What are the use of a model weight and parameters?
A model weight is used to decide what matters more when the model makes a decision.
That’s the only job of a weight.
Before we go further, one important clarification.
When people say weights or parameters, they are talking about the same thing.
They are just numbers learned by the model. Different words, same idea.
Now let us see one everyday example
You are deciding:
Should I carry an umbrella?
You look at three things:
Is it raining?
Is it cloudy?
Is it windy?
But you don’t treat them equally.
Rain matters a lot, Clouds matter a little, Wind barely matters
So in your head, you automatically do this:
Rain → very important
Clouds→ somewhat important
Wind → not very important
Those “importance levels” are weights.
They help you reach the right decision.
Now the same idea in LLMs
An AI model constantly answers one question:
What should come next?
Example:
“I love ___”
Possible next words:
- you
- food
- rain
- bugs
The model assigns numbers to each option:
you → high number
food → medium number
rain → low number
bugs → very low number
The word with the highest number is chosen.
👉 That is the use of weights:
to score options and pick the most likely one.
A weight is not a rule or a sentence stored in memory.
It is just a number — a small nudge — that makes one word slightly more likely than another.
Why weights are necessary
Without weights:
- every word would be treated the same
- the model would guess randomly
- language would make no sense
With weights:
- common patterns matter more
- rare or wrong patterns matter less
- predictions improve over time
How weights get their correct values
At first, weights are random → wrong answers.

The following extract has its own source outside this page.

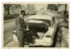
Student with suitcase in front of car (MS 0061-19-07-067)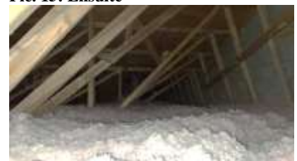
Pic. 18: Attic

Each time the model is wrong:
- it compares its answer with the correct one
- slightly adjusts the weights
- tries again
After millions of examples:
useful connections get stronger weights and useless ones get weaker weights.

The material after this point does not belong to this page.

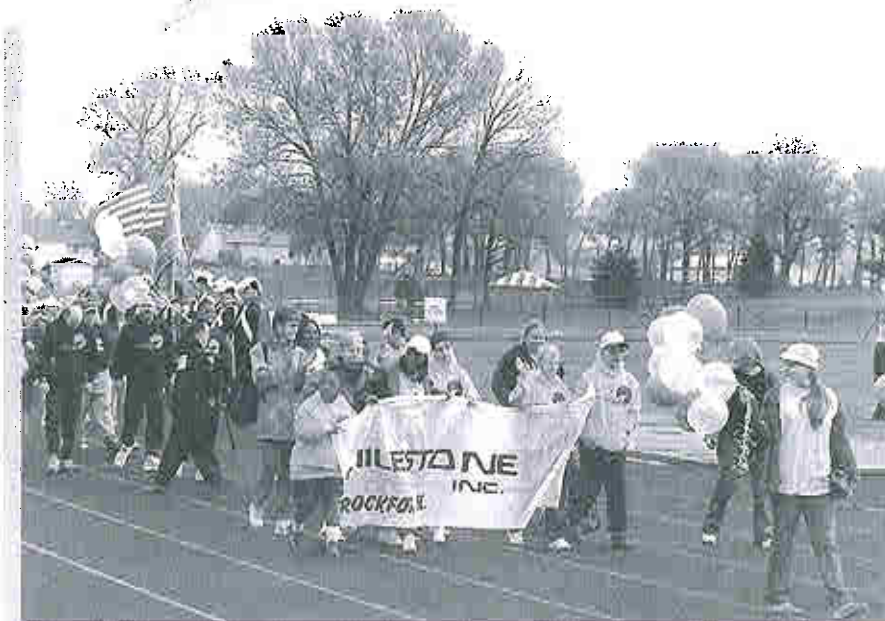
Athletes from Milestone, Inc. proudly march in the parade of athletes at the annual Track and Field meet.

Later in March Milestone was represented with 2 teams at the State Basketball tournament in Bloomington. Both teams won third place honors. Five individual basketball skills' athletes also took part in the competition and each brought home a medal.

This preference to adjust weight didn’t come from reasoning or understanding.
It came from practice — seeing similar sentences millions of times before.
Here, learning doesn’t mean understanding like a human.
It simply means numbers being adjusted based on past patterns.
So, If you remember just one thing from this blog, let it be this:
A weight, also called a parameter, is a number the model learned because it helped reduce mistakes.
All the impressive behavior we see later emerges from those numbers.
With this, it becomes clear why people say a model has 7 billion parameters — it simply means there are 7 billion learned numbers shaping its behavior.
So at its core, an LLM is not storing answers.
It is carrying a vast set of learned numbers that gently push it toward one word instead of another.
I hope I was able to explain this in a clear and simple way. Happy Learning!.